■ **TASK**: Please give back each line of the material unchanged, but without the images.

■ **DATA SEGMENT**:
--------------------

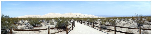 Blick auf die Kelso Dunes vom Parkplatz. Scheint ja ein netter kleiner Hike zu werden.
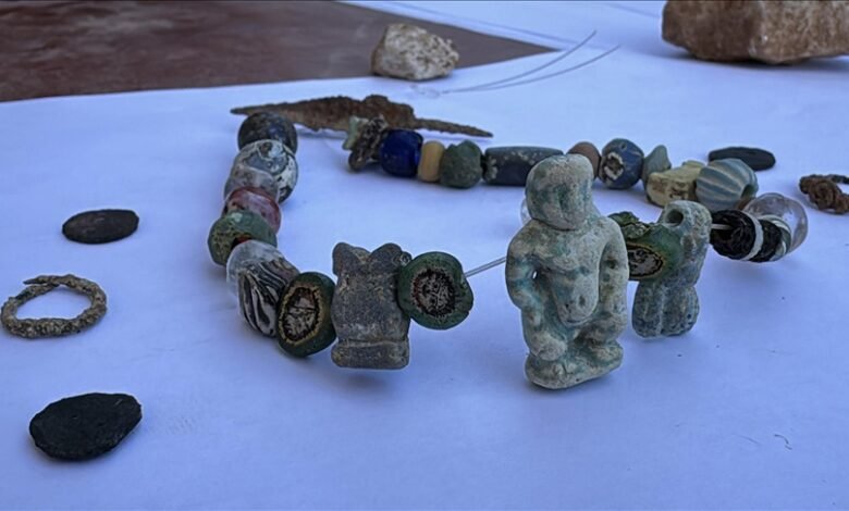 القان در ادامه اشاره کرد بررسیها حاکی از آن است که این آثار شامل یک تمثال سفالی تزئین شده که خدای مصری پاتیاکوس را به تصویر کشیده و نیز، مهرهها و تعویذ مختلف دیگر است.
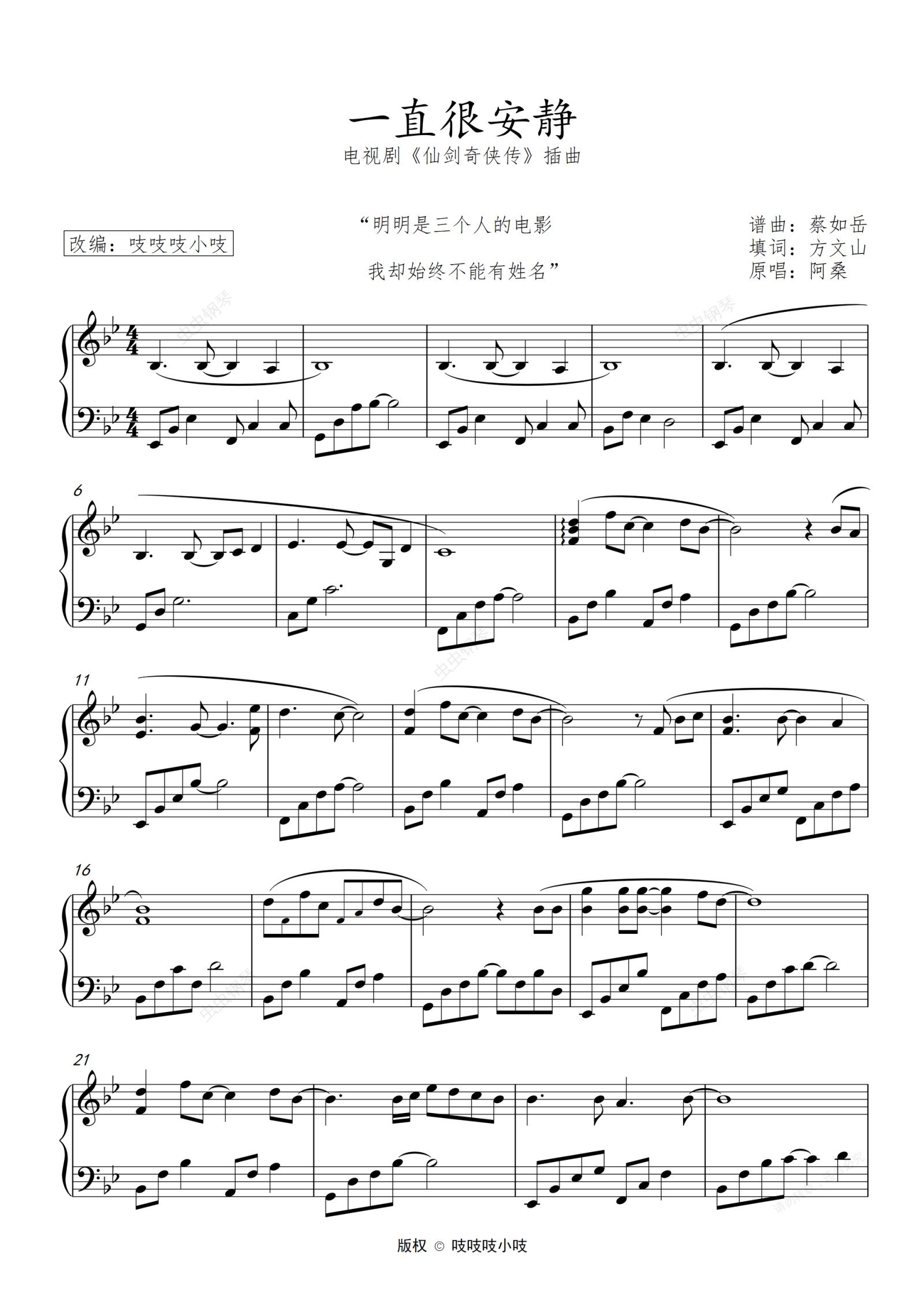 钢琴谱:《一直很安静》(《仙剑奇侠传》插曲)吱吱版

--------------------

■ **ANSWER TO THIS TASK**:
 Blick auf die Kelso Dunes vom Parkplatz. Scheint ja ein netter kleiner Hike zu werden.
 القان در ادامه اشاره کرد بررسیها حاکی از آن است که این آثار شامل یک تمثال سفالی تزئین شده که خدای مصری پاتیاکوس را به تصویر کشیده و نیز، مهرهها و تعویذ مختلف دیگر است.
 钢琴谱:《一直很安静》(《仙剑奇侠传》插曲)吱吱版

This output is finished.